Data for processing:

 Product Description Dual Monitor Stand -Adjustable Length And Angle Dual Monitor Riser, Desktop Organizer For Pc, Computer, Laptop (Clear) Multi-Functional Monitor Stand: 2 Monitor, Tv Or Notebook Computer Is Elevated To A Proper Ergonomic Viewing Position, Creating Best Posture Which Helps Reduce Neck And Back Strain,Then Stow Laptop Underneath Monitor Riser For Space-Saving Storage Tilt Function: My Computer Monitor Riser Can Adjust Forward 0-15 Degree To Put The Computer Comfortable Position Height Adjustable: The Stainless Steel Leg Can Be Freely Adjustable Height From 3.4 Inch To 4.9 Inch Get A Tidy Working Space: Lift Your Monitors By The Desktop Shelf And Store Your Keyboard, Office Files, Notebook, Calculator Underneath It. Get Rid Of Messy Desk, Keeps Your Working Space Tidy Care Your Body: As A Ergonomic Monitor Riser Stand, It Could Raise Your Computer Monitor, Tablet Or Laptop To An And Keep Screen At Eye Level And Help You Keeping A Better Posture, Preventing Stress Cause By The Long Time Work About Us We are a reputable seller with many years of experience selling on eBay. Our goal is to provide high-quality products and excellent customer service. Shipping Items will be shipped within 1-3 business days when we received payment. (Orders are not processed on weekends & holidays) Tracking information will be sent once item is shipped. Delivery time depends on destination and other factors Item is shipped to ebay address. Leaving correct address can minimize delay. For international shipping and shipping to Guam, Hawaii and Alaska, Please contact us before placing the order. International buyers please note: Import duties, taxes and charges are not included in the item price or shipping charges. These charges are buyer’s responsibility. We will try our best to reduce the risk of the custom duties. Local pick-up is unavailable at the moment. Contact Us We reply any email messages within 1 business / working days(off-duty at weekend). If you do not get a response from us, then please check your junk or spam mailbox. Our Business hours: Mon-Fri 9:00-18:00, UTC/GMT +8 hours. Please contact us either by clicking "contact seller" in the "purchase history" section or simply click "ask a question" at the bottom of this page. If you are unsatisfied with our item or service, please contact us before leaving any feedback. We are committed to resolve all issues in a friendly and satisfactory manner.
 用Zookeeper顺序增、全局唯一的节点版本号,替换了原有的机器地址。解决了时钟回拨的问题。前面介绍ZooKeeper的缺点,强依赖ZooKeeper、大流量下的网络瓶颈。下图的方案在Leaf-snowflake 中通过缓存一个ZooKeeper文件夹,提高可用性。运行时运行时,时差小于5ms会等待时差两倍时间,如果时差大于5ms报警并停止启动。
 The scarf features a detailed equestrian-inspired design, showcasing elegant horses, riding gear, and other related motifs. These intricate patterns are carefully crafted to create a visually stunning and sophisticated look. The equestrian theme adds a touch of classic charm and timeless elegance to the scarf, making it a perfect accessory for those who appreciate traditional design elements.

* * *

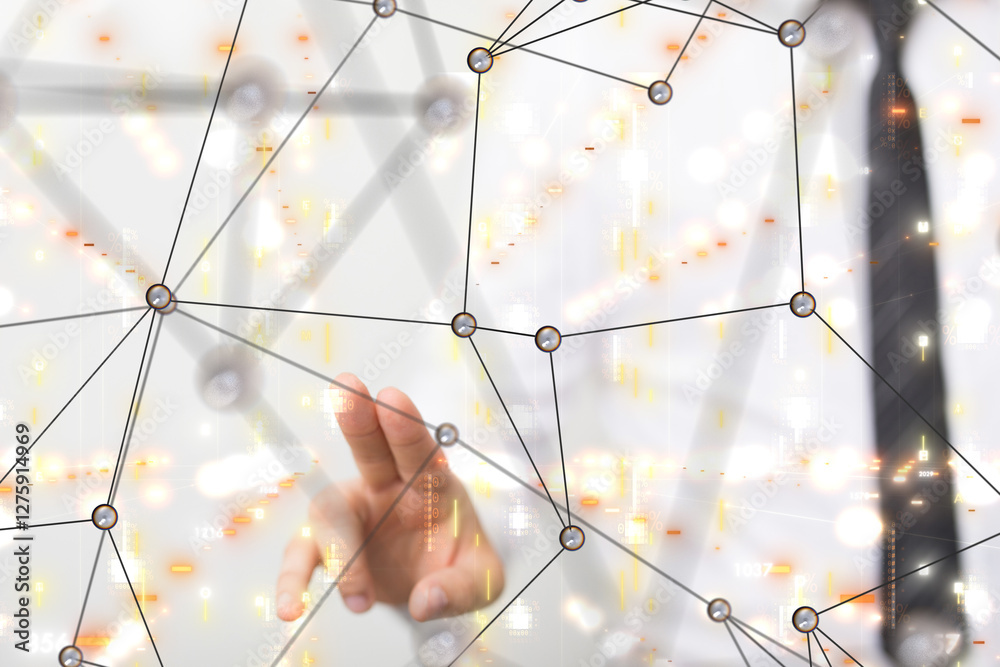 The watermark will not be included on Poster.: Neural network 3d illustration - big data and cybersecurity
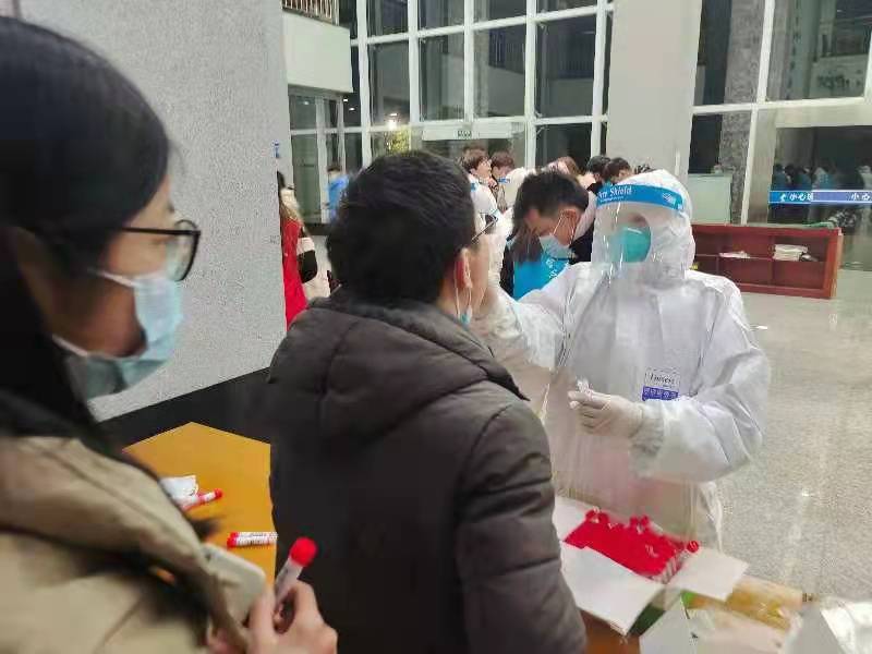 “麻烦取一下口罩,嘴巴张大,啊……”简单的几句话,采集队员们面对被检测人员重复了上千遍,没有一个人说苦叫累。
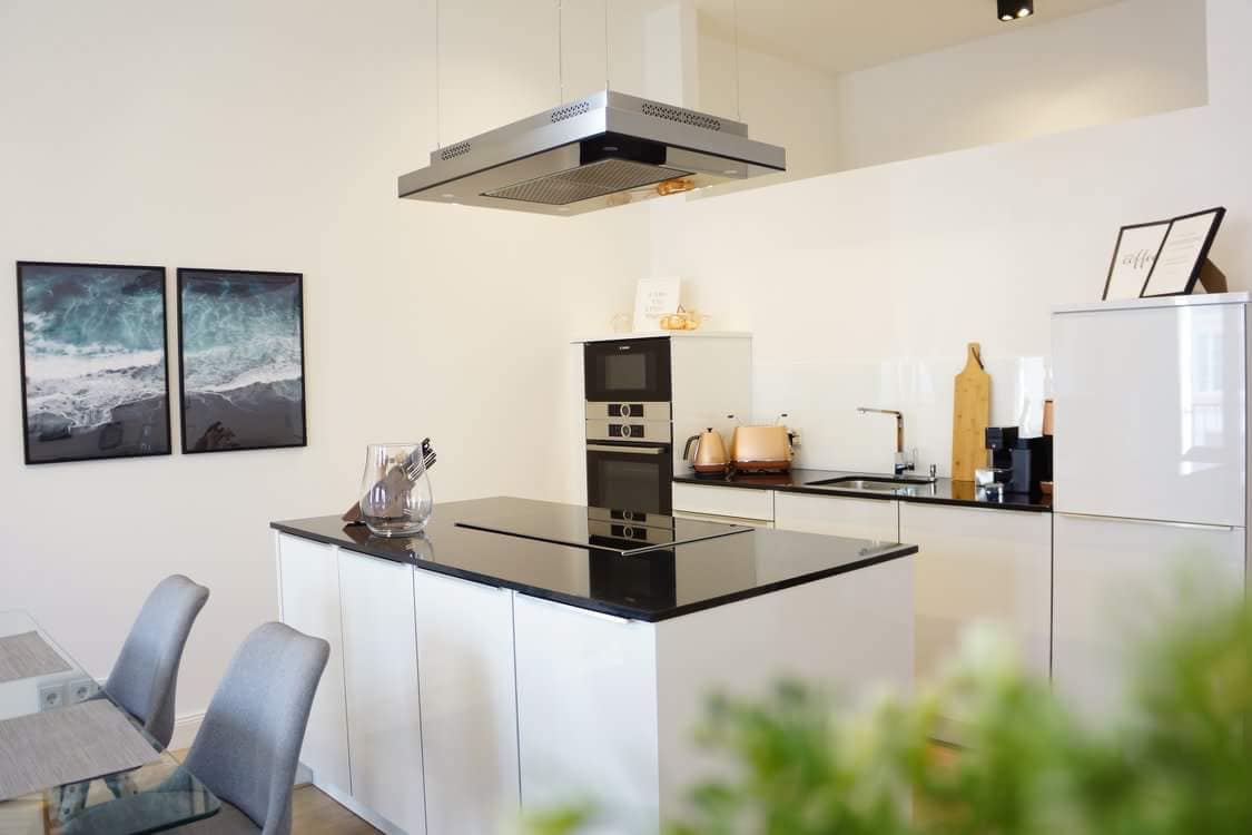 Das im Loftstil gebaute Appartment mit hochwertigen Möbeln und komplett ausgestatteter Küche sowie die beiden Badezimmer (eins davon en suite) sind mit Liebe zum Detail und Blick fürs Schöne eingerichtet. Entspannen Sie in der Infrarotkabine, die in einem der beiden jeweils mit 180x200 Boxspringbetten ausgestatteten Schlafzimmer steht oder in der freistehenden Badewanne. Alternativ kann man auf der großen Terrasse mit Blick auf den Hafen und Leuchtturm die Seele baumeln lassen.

Required work: Using the entries above, transcribe exactly from the line that has "The watermark will" through the line that has "Das im Loftstil". Pictures are dropped.

Answer area:
 The watermark will not be included on Poster.: Neural network 3d illustration - big data and cybersecurity
 “麻烦取一下口罩,嘴巴张大,啊……”简单的几句话,采集队员们面对被检测人员重复了上千遍,没有一个人说苦叫累。
 Das im Loftstil gebaute Appartment mit hochwertigen Möbeln und komplett ausgestatteter Küche sowie die beiden Badezimmer (eins davon en suite) sind mit Liebe zum Detail und Blick fürs Schöne eingerichtet. Entspannen Sie in der Infrarotkabine, die in einem der beiden jeweils mit 180x200 Boxspringbetten ausgestatteten Schlafzimmer steht oder in der freistehenden Badewanne. Alternativ kann man auf der großen Terrasse mit Blick auf den Hafen und Leuchtturm die Seele baumeln lassen.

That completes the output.